Page 1 of 1

Parsing large XML documents - XMLReader, PHP, MySQL

Posted: Thu Nov 08, 2007 4:20 pm
by ska
feyd | Please use

Code: Select all

,

Code: Select all

and [syntax="..."] tags where appropriate when posting code. Your post has been edited to reflect how we'd like it posted. Please read:  [url=http://forums.devnetwork.net/viewtopic.php?t=21171]Posting Code in the Forums[/url] to learn how to do it too.[/color]


Hi guys,

I'm a bit stuck on this one so could do with some pointers. I'm reading largish XML documents (around 10MB) from URLs (http://something.com/file.xml) into PHP and need to parse the nodes into their respective tables in a MySQL database. I set up one script to do it using SimpleXML (PHP5 is on the server I'm using) but was getting memory problems. I need to use a stream based parser so have turned to XMLReader but the documentation is somewhat lacking and I can't find many examples.

Can anyone give me an example to follow that will allow me to parse through an XML document in the following format;

[syntax="xml"]
<?xml version="1.0" encoding="ISO-8859-1"?>
<products>
<product>
<name><![CDATA[]]></name >
<price><![CDATA[]]></price >
<description><![CDATA[]]></description >
</product>
etc.
Bearing in mind I hae to read it into a stream and because of the number of products in the feed, it will be more efficient to create multiple INSERTS SQL, perhaps in batches of 100. i.e.[/syntax]

Code: Select all

INSERT INTO products (name, price, description)
VALUES
(x, y, z)
(a, b, c)
etc.
I won't complicate matters at the moment by saying that some of the products will need to be UPDATES rather than INSERTS just yet though... ;) Firstly I want to just learn how to use XMLReader to get from the former to the latter and I'm well-stuck with it...!

Oh, just to clarify, when I say XMLReader, I mean the one built into PHP5. i.e.

Code: Select all

$reader = new XMLReader();
$reader->open($url);
while ($reader->read())
{
	echo $reader->name.": ".$reader->value."<br />";
}
Thanks.


feyd | Please use

Code: Select all

,

Code: Select all

and [syntax="..."] tags where appropriate when posting code.
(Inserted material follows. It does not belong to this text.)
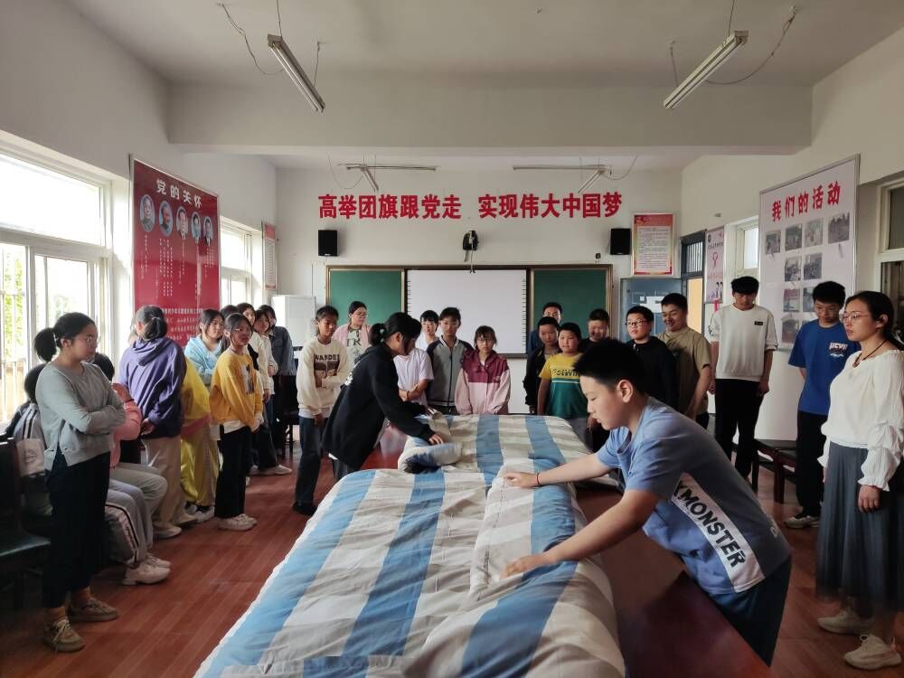 ~ 5月10日,学校举办了寄宿生叠被子竞赛,同学们在比赛中展现出熟练的劳动技能和积极向上的精神风貌。

Your post has been edited to reflect how we'd like it posted. Please read:  [url=http://forums.devnetwork.net/viewtopic.php?t=21171]Posting Code in the Forums[/url] to learn how to do it too.[/color]

Posted: Thu Nov 08, 2007 7:17 pm
by yanisdon

Posted: Fri Nov 09, 2007 1:50 am
by ska
Thanks for the suggestion. Anyone know if magpie can handle large XML files? Bear in mind this project is on a shared host so I have memory and timeout issues to take into consideration and can"t start tweaking the ini file to suit me. I googled 'Magpie large xml" and this thread comes up number one so not much use there...!

Anyone know? Or ideally, going back to my original question, can anyone give me a XMLReader example?

Posted: Sat Nov 10, 2007 3:34 pm
by ska
Guessing that no-one's used XMLReader on here then? Well if that's the case, has anyone got any other ideas for reading a large XML document into MySQL without running into timeout and memory issues?